DATASET RECORDS.
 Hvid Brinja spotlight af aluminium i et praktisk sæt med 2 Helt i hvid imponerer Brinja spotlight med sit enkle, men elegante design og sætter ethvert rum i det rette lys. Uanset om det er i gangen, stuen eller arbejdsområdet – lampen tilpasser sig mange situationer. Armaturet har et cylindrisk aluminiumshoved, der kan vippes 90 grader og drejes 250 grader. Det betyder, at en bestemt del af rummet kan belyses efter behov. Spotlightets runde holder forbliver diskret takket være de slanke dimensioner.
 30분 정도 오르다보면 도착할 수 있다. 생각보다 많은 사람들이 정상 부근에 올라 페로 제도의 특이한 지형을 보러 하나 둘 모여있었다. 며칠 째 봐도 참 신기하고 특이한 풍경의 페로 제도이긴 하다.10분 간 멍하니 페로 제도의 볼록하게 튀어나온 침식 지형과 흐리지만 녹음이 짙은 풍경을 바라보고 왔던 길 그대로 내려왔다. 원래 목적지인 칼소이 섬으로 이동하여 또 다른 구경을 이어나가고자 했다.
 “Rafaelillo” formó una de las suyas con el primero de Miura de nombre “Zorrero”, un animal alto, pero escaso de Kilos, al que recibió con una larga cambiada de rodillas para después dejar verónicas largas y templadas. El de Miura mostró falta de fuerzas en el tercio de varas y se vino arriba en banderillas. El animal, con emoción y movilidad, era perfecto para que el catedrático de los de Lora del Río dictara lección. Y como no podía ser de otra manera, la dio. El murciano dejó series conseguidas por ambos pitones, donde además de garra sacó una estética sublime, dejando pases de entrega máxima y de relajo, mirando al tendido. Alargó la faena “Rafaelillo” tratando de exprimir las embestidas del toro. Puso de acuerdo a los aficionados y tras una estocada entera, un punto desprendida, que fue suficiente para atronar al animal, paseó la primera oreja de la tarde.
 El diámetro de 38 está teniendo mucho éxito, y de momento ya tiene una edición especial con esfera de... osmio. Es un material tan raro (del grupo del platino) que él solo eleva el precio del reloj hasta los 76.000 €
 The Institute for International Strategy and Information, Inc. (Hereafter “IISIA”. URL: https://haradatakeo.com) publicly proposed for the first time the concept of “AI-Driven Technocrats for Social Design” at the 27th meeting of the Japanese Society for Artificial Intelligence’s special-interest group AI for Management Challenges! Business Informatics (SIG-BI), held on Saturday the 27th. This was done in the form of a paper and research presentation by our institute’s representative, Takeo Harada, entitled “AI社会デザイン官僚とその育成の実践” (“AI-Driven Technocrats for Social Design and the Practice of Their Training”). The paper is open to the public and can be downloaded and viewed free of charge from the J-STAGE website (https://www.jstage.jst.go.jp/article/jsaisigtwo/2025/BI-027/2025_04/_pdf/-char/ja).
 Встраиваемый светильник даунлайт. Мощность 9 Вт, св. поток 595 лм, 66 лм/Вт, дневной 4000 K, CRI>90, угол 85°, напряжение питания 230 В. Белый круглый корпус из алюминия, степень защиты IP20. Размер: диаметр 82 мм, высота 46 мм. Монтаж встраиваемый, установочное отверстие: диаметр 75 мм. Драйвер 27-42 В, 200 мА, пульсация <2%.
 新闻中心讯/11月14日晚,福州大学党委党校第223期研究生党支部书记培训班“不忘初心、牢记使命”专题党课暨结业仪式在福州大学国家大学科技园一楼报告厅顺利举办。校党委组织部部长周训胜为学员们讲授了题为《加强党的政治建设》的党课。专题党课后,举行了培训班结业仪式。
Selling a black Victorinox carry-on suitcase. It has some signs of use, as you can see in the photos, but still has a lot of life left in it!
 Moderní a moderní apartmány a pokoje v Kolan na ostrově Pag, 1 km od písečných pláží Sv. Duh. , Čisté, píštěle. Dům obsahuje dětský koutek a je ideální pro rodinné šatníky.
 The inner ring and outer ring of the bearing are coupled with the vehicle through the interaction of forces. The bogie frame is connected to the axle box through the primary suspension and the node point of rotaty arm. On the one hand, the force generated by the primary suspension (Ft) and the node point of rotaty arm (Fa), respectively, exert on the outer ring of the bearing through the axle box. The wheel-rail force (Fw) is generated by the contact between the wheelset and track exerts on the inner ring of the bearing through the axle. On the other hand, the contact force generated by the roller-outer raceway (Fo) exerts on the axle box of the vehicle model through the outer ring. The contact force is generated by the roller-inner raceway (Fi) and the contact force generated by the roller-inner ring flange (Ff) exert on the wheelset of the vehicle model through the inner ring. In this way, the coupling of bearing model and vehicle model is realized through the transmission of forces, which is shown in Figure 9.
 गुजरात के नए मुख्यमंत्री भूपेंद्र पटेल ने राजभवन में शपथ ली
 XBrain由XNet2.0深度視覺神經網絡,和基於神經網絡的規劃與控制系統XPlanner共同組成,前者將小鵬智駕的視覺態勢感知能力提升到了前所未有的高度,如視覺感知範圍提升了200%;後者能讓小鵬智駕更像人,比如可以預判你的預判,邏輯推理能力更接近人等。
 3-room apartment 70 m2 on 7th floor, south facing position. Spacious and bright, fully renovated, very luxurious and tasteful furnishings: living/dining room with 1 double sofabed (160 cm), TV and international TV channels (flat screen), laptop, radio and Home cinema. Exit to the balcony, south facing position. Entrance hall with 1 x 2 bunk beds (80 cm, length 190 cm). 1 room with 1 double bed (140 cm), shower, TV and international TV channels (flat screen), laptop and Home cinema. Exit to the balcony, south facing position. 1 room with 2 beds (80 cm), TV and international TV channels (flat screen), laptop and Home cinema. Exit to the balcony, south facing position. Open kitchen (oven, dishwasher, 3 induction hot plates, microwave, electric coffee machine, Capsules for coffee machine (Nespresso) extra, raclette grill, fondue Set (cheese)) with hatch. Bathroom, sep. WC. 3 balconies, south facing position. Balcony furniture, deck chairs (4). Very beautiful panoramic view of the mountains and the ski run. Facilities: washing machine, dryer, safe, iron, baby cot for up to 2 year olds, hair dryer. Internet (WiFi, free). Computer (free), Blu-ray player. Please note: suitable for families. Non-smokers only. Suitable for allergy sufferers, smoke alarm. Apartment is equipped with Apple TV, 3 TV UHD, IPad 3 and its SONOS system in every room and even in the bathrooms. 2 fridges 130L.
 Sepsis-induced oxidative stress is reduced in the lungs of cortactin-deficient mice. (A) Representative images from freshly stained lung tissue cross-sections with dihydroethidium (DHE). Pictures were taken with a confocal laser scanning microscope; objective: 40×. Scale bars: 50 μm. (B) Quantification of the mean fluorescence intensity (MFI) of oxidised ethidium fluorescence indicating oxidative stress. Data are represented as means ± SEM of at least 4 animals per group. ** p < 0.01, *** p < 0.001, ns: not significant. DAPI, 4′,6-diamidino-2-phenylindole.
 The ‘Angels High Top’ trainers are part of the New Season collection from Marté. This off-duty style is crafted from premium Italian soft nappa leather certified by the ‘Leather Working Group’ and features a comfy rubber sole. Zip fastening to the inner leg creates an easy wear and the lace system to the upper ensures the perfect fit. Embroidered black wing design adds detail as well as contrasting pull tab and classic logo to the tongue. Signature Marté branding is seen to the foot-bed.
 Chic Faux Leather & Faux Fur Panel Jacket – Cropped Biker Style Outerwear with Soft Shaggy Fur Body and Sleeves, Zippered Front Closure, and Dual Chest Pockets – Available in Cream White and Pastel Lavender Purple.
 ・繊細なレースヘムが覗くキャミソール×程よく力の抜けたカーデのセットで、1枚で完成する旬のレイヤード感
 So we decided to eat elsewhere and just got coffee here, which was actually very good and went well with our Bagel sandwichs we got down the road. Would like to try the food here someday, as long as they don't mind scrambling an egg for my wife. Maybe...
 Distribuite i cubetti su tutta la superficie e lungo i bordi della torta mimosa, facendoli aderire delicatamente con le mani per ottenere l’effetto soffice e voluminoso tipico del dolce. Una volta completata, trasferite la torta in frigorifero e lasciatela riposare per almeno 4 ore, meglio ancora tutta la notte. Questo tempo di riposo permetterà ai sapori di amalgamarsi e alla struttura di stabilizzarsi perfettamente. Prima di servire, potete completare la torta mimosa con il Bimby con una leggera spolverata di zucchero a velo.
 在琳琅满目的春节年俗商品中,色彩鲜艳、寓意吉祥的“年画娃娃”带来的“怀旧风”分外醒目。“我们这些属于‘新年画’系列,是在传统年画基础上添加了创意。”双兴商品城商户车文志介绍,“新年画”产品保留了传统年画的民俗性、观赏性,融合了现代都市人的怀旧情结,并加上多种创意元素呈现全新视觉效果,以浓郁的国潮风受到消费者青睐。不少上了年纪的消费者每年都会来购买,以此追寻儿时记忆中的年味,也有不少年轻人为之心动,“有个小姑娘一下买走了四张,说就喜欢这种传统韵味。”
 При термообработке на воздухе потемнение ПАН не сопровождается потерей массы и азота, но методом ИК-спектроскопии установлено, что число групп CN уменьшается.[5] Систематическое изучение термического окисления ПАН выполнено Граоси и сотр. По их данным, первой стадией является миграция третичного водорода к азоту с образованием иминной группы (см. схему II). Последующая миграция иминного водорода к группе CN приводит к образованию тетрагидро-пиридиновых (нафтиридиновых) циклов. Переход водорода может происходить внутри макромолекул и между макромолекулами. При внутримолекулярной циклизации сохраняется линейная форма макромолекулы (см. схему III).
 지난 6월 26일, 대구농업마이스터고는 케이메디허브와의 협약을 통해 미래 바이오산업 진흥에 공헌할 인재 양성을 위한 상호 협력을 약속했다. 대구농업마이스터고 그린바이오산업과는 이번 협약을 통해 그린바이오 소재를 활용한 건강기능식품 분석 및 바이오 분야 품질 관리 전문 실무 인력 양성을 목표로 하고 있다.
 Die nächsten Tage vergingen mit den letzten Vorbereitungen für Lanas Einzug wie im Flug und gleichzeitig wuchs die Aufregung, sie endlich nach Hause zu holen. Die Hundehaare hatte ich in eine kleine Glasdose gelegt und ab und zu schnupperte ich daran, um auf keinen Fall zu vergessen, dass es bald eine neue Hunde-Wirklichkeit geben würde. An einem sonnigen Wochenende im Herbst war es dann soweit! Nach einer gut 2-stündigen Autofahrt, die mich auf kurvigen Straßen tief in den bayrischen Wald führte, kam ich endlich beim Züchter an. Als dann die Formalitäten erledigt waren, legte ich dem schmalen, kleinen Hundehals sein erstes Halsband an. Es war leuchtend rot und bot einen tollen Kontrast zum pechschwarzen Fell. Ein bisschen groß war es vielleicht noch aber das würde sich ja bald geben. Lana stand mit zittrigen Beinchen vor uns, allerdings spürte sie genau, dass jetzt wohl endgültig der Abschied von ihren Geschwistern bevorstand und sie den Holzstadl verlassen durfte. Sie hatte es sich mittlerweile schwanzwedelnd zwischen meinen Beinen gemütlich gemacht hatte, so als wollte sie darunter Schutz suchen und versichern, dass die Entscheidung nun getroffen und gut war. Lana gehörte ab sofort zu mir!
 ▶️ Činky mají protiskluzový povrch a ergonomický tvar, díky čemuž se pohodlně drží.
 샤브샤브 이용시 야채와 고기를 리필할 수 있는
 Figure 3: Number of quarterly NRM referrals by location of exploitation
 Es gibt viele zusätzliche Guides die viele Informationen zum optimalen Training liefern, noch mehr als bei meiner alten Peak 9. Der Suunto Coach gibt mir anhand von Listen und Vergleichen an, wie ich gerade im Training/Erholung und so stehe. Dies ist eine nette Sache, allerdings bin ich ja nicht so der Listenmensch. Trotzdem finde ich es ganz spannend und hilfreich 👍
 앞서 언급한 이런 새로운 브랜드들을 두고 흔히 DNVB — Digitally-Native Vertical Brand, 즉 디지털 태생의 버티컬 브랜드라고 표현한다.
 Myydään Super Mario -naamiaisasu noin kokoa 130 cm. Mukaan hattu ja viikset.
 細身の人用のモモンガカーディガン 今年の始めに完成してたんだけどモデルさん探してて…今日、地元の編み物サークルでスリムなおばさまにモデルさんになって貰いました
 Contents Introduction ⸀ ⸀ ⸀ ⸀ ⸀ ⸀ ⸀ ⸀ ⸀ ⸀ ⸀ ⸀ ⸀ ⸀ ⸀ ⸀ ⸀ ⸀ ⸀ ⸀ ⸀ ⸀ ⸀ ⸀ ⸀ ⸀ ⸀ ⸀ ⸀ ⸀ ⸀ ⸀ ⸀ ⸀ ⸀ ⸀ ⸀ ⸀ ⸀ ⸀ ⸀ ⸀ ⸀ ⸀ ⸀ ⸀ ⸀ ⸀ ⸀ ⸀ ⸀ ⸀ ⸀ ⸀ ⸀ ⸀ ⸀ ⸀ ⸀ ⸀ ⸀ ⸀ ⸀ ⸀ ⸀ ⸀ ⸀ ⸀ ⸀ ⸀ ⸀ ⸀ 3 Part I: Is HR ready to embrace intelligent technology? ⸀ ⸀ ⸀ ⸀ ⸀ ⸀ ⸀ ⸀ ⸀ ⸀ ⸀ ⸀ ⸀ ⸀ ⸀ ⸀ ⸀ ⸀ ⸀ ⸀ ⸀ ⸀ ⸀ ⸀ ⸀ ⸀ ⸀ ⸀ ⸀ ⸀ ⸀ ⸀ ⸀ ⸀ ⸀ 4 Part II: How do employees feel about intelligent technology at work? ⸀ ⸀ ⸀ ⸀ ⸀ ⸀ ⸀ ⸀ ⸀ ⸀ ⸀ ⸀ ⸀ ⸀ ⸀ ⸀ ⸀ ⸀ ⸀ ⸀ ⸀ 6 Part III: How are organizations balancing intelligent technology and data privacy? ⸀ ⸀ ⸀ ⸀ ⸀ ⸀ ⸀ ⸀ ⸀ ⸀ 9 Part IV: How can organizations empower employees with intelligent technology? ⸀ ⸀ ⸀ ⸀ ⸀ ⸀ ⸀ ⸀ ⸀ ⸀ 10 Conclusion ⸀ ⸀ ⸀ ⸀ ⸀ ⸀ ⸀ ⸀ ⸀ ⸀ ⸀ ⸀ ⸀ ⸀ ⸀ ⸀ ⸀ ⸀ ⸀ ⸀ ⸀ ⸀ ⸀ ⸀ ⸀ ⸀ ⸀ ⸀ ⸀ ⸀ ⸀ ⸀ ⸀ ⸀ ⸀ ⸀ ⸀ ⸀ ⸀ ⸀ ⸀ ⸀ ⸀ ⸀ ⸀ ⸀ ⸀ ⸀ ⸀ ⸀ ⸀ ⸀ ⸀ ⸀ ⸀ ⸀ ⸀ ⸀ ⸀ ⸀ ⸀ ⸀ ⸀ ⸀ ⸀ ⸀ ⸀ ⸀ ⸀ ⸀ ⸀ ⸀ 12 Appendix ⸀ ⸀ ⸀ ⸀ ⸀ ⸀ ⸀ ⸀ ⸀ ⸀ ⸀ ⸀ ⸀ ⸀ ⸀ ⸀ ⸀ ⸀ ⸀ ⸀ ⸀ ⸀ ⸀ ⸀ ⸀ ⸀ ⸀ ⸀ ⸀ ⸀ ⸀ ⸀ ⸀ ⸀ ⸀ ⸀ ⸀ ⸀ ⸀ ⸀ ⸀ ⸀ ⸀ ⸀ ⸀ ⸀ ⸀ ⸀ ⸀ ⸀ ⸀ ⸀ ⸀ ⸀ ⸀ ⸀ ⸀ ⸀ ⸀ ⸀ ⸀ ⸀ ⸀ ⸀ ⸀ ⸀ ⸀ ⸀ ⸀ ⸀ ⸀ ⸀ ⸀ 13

ASSIGNMENT.
Scan the data for lines containing "black" and copy all of them.

TASK ANSWER.
Selling a black Victorinox carry-on suitcase. It has some signs of use, as you can see in the photos, but still has a lot of life left in it!
 The ‘Angels High Top’ trainers are part of the New Season collection from Marté. This off-duty style is crafted from premium Italian soft nappa leather certified by the ‘Leather Working Group’ and features a comfy rubber sole. Zip fastening to the inner leg creates an easy wear and the lace system to the upper ensures the perfect fit. Embroidered black wing design adds detail as well as contrasting pull tab and classic logo to the tongue. Signature Marté branding is seen to the foot-bed.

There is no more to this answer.